Le Serment des Vagues
Une île se dresse, spectre au linceul de brume,
Où le temps, lent bourreau, suspend son glaive impur,
Gardien des souvenirs que la vague consume.
Là vit un vieil ermite aux cheveux d’argent pur,
Dont les yeux, deux lagunes où s’éteignent les astres,
Cherchent en vain l’écho d’un passé disparu,
Tandis que les récifs lui murmurent: «Désastre!»
Il fut un temps lointain où ce roc inhabité
Voyait sous son ciel bleu danser deux âmes sœurs,
Lui, jeune et libre ainsi qu’un oiseau des tempêtes,
Elle, brise incarnée en robe de liqueurs.
«Jurons, avait-il dit, devant les dieux muets,
De n’être qu’un seul souffle en cette arche éphémère,
Et si l’un doit partir, que l’autre à tout jamais
Soit changé en rocher par la main de la mer!»
Vingt printemps ont neigé sur leur bonheur fragile,
Vingt hivers ont scellé leur pacte solennel,
Mais un soir où le vent portait des cris hostiles,
Un vaisseau fantasma dans l’ocre du couchant.
«Des hommes!» s’écria la femme au cœur fidèle,
Et dans ses yeux brilla l’espoir d’un autre monde,
Tandis qu’il lui prenait la main, tremblant : «Cruelle,
Notre serment est écrit dans l’écorce de l’onde!»
La nuit tomba, peuplée de murmures mauvais,
Le feu des matelots dansait sur l’eau traîtresse,
Elle errait sur la grève où roulaient ses cheveux,
Lui priait les trépieds d’écumer leur détresse.
«Vois comme ils ont des fruits, des tissus, des bijoux!
— Vois plutôt notre amour, trésor que rien n’achète.
— Et s’ils nous emmenaient? — Le ciel nous jugerait tous.
— Je ne puis oublier que je suis fille enquête…»
Quand l’aube déchira son manteau de ténèbres,
Le navire avait fui, laissant sur le sable fin
Une empreinte légère et des débris funèbres :
Un collier de corail, un voile de satin.
«Tu restes!» cria-t-il, ivre d’un fol espoir,
Mais elle, se penchant sur l’horizon liquide :
«Je n’ai plus de racines pour croire à ton pouvoir,
Adieu ; que ta colère accomplisse ton vide.»
Alors, ô terreur sainte! ô vengeance des flots!
Le ciel vrilla son dôme en un noir tourbillon,
La foudre déchira la voûte aux mille éclos,
Et la mer souleva son monstrueux billon.
Il vit sa bien-aimée, statue de lumière,
Se pétrifier lentement sous son regard,
Tandis qu’une voix grondait : «Garde ta prisonnière,
L’exilé sera roi d’un désert de brouillard!»
Depuis ce jour maudit où les destins rirent,
L’homme erre sur les monts que la brise corrode,
Portant dans sa poitrine un astre qui se meurt,
Et sur son front ridé, la couronne de l’eau.
Il parle aux goélands qui fuient son ombre vaine,
Invente des printemps où revit son visage,
Et boit dans les embruns l’amer parfum des peines
Qui firent de son cœur un naufrageux rivage.
Un matin où l’automne agonisait plus pâle,
Une barque apparut, coquille en proie au sort,
Portant un enfant nu dont le regard s’exhale
Vers l’île qui tendait ses bras de squelette mort.
Le vieillard, sentant fuir ses dernières faiblesses,
S’élança dans les flots que la houle argentait :
«Viens!

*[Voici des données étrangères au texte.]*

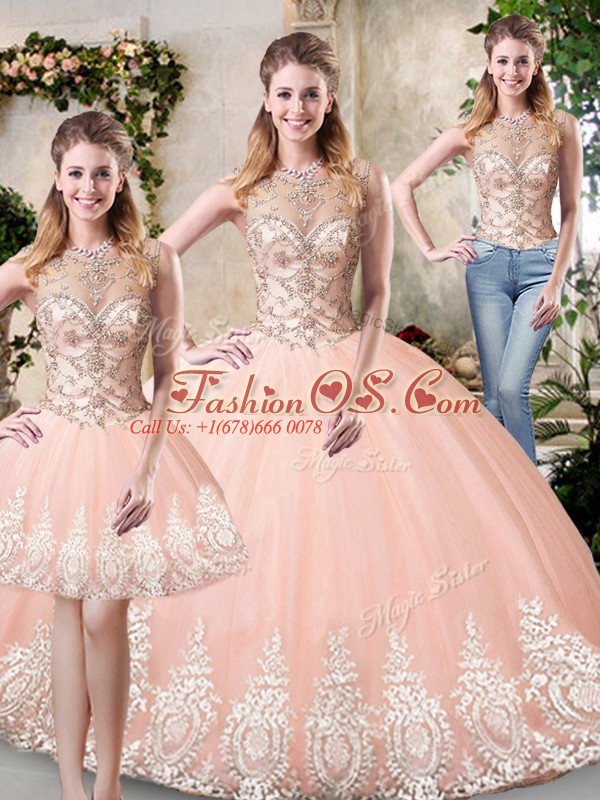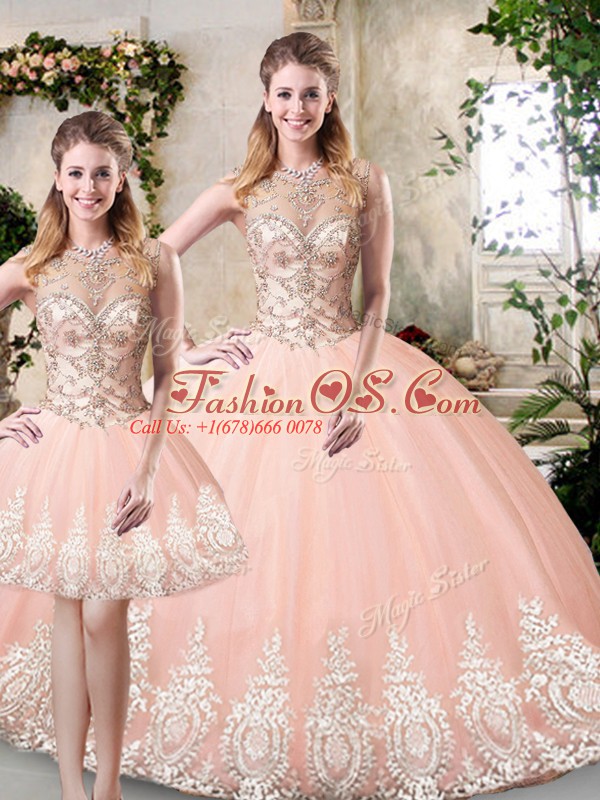 Home >  Quinceanera Dresses >  Detachable Quinceanera Skirts > Dramatic Sleeveless Floor Length Beading and Lace and Appliques Backless 15 Quinceanera Dress with Peach

Je te donnerai mes ultimes tendresses!»
Mais l’enfant, souriant, déjà s’évaporait.
Alors, rompant le pacte où sa vie était liée,
Il jeta sa dépouille aux dragons écumeux,
Brava les dieux marins dont l’haleine est prière,
Et nagea vers la mort en appelant les feux.
La mer, se refermant sur ce crime sublime,
Rendit au ciel brisé son éternel soupir,
Tandis qu’au fond des eaux, dans un dernier abîme,
Deux ombres s’enlaçaient pour mieux se désunir.
Maintenant, quand la lune argente les collines,
On entend un duo de sanglots infinis
Mêler aux chants des vents ses plaintes cristallines :
Lui maudit la liberté qui tua son amour,
Elle pleure l’idéal des chaînes trop bénies,
Et l’île, éternisant ce double aveu du jour,
Leur offre pour linceul la pourpre des agonies.